What is needed
From the data that follows, print exactly the lines starting at the one containing "Lot 112 St." and ending at the one containing "En poder de"; include both of them and nothing more.

[[ Available data open ]]

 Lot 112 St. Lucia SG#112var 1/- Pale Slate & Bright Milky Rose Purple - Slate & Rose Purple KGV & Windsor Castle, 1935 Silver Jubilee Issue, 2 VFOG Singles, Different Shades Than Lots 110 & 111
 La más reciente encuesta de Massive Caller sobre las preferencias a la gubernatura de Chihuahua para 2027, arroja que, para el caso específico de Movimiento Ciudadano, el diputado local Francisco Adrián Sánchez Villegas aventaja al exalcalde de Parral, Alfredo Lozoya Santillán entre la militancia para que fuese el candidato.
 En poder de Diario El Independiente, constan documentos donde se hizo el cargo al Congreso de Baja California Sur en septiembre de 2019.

[[ Available data closed ]]
[[ Available data open ]]

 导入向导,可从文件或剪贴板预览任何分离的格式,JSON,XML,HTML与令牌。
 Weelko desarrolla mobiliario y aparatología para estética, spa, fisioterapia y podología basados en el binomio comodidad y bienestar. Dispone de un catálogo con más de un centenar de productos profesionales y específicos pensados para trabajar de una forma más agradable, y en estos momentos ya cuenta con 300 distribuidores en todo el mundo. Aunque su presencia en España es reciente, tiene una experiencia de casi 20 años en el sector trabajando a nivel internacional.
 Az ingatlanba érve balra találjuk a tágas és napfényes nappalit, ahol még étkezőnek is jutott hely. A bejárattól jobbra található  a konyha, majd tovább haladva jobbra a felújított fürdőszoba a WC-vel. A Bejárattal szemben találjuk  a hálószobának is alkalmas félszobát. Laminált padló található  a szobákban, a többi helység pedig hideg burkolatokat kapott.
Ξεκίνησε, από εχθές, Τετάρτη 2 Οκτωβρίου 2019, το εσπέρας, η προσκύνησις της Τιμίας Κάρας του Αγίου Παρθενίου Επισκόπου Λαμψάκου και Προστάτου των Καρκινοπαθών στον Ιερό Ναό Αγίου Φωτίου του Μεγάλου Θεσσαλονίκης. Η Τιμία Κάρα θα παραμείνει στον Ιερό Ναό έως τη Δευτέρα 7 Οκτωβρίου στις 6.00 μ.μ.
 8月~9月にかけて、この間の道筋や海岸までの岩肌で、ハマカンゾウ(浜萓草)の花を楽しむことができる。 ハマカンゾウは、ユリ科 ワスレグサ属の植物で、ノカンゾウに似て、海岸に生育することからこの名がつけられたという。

[[ Available data closed ]]
[[ Available data open ]]

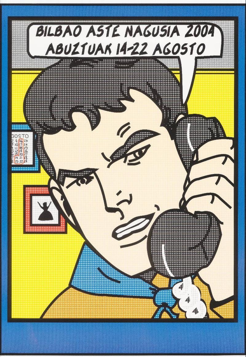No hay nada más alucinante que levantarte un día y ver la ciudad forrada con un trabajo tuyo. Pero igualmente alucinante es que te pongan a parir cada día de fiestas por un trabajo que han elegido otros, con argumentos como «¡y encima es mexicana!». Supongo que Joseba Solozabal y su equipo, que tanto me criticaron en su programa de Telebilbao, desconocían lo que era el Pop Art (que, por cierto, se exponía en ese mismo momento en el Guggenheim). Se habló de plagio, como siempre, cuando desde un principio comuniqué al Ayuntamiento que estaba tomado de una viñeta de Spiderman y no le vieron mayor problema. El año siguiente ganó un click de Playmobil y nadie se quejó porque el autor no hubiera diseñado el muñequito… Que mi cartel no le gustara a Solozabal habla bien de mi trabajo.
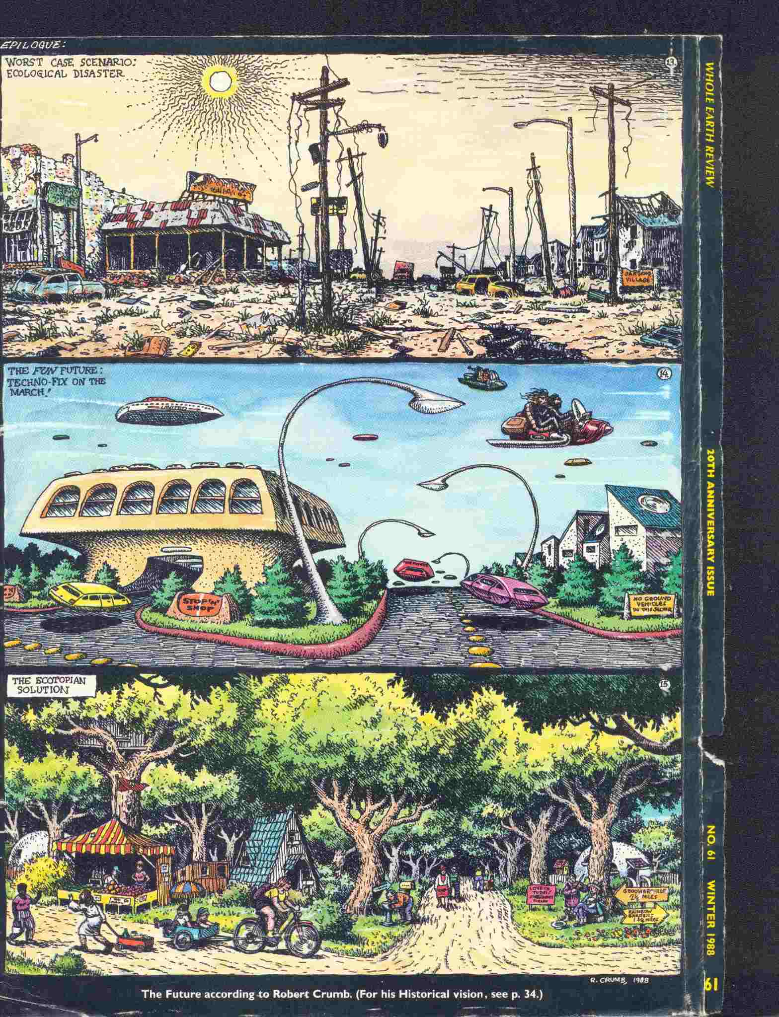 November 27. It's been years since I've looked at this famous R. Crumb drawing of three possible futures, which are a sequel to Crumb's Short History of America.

[[ Available data closed ]]

Written solution
 Lot 112 St. Lucia SG#112var 1/- Pale Slate & Bright Milky Rose Purple - Slate & Rose Purple KGV & Windsor Castle, 1935 Silver Jubilee Issue, 2 VFOG Singles, Different Shades Than Lots 110 & 111
 La más reciente encuesta de Massive Caller sobre las preferencias a la gubernatura de Chihuahua para 2027, arroja que, para el caso específico de Movimiento Ciudadano, el diputado local Francisco Adrián Sánchez Villegas aventaja al exalcalde de Parral, Alfredo Lozoya Santillán entre la militancia para que fuese el candidato.
 En poder de Diario El Independiente, constan documentos donde se hizo el cargo al Congreso de Baja California Sur en septiembre de 2019.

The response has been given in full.